Return the material exactly, first line through the line containing "Snake Amongst The", and nothing more. Pictures stay out.
Information shown START
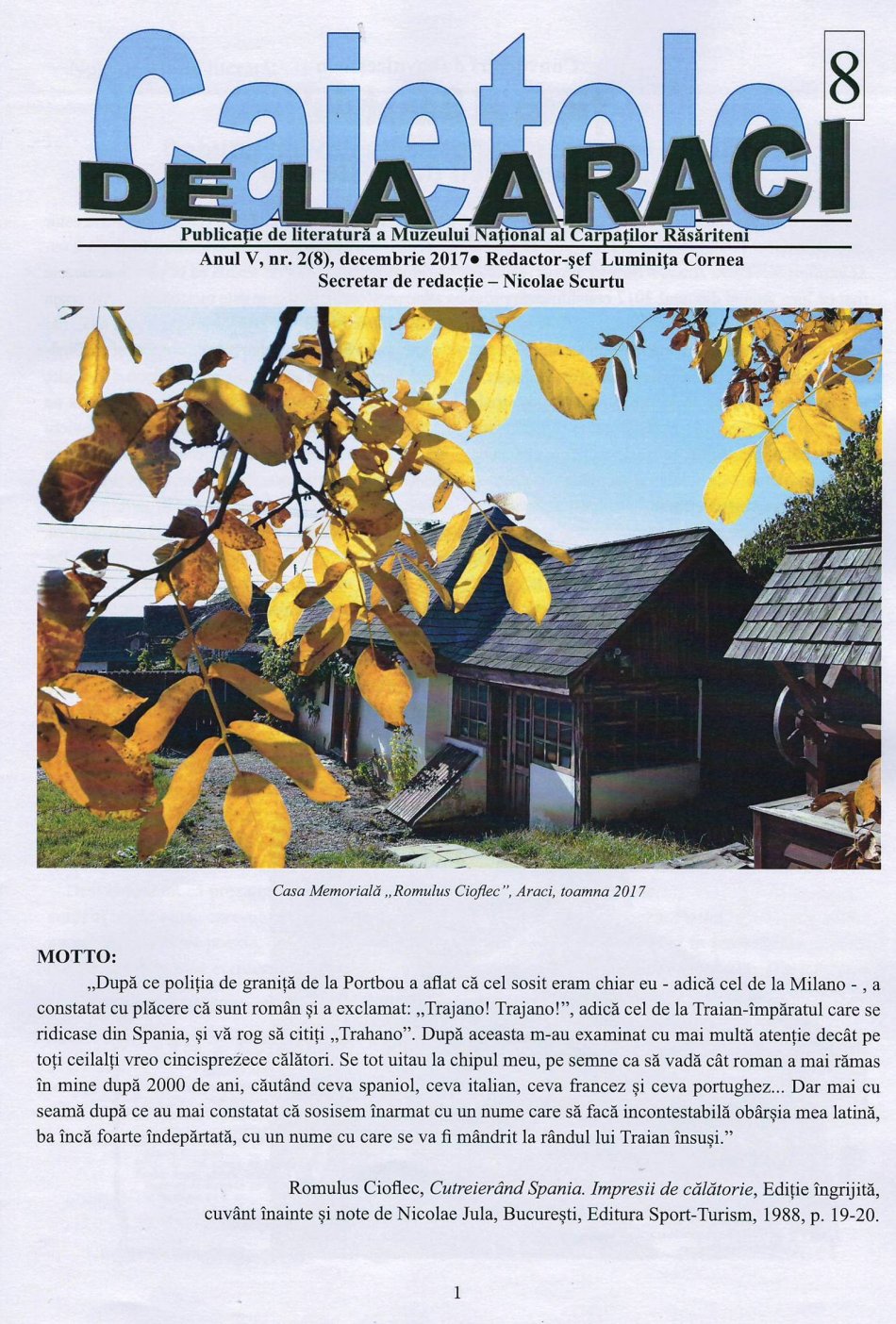 Numărul 8 din publicația semestrială ''Caietele de la Araci'' (Anul I, nr. 1, decembrie 2013 – Anul V, nr. 2(8) decembrie 2017), revistă de literatură editată de Muzeul Național al Carpaților Răsăriteni, redactor-șef Luminița Cornea.
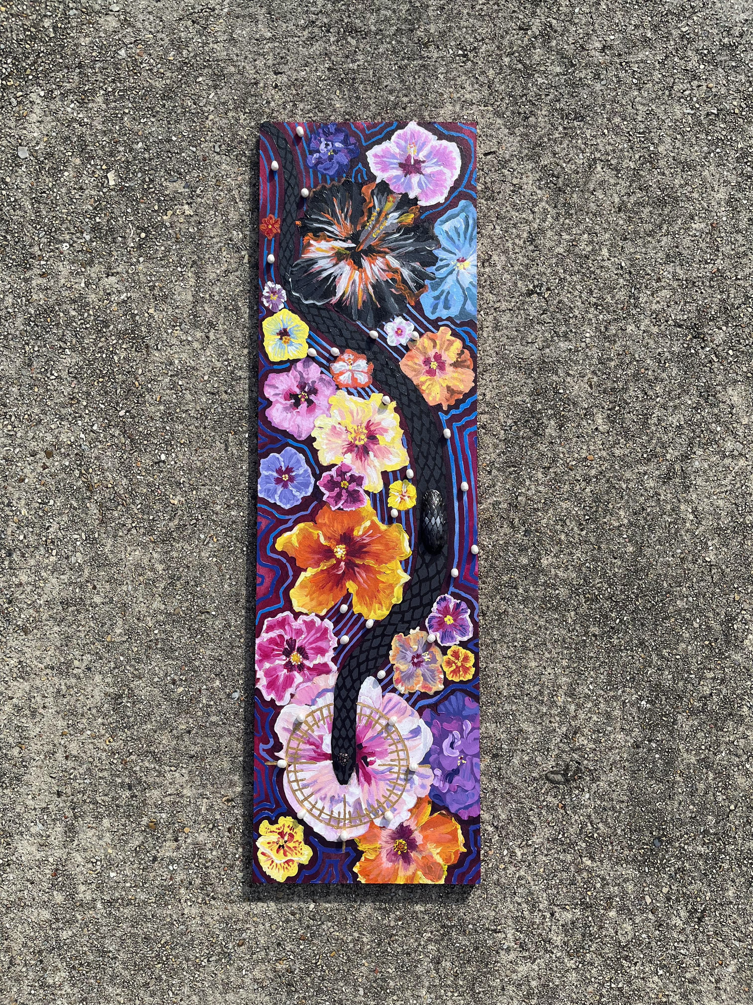 Snake Amongst The Flowers, 2025, acrylic, epoxy clay, and freshwater pearls on MDF board, $600
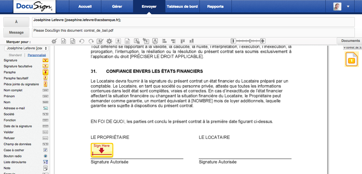 Placez les champs Docusign par glisser-déposer à l'endroit du fichier où vous avez besoin d'une signature, d'un paraphe ou de dates. Vous avez également la possibilité d'ajouter des champs standard ou personnalisés, que les signataires devront remplir. Cliquez ensuite sur Envoyer. Docusign envoie par un mail un lien à chaque destinataire sur lequel ils doivent cliquer pour accéder au document. Une fois signé, le document est stocké de manière sécurisée pour être récupéré plus facilement.
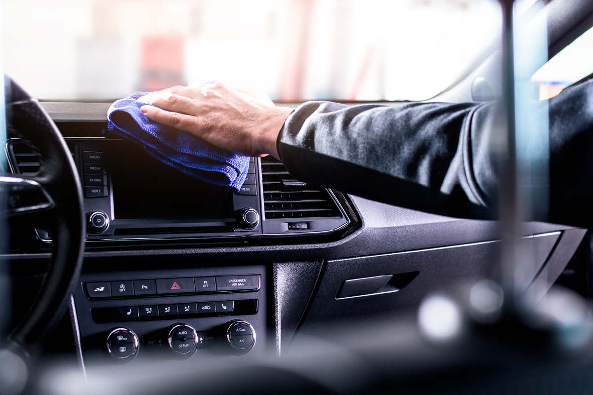 Eine Person putz mit einem blauen Lappen den Innenraum eines Auto
Information shown END
> **Your solution**
 Numărul 8 din publicația semestrială ''Caietele de la Araci'' (Anul I, nr. 1, decembrie 2013 – Anul V, nr. 2(8) decembrie 2017), revistă de literatură editată de Muzeul Național al Carpaților Răsăriteni, redactor-șef Luminița Cornea.
 Snake Amongst The Flowers, 2025, acrylic, epoxy clay, and freshwater pearls on MDF board, $600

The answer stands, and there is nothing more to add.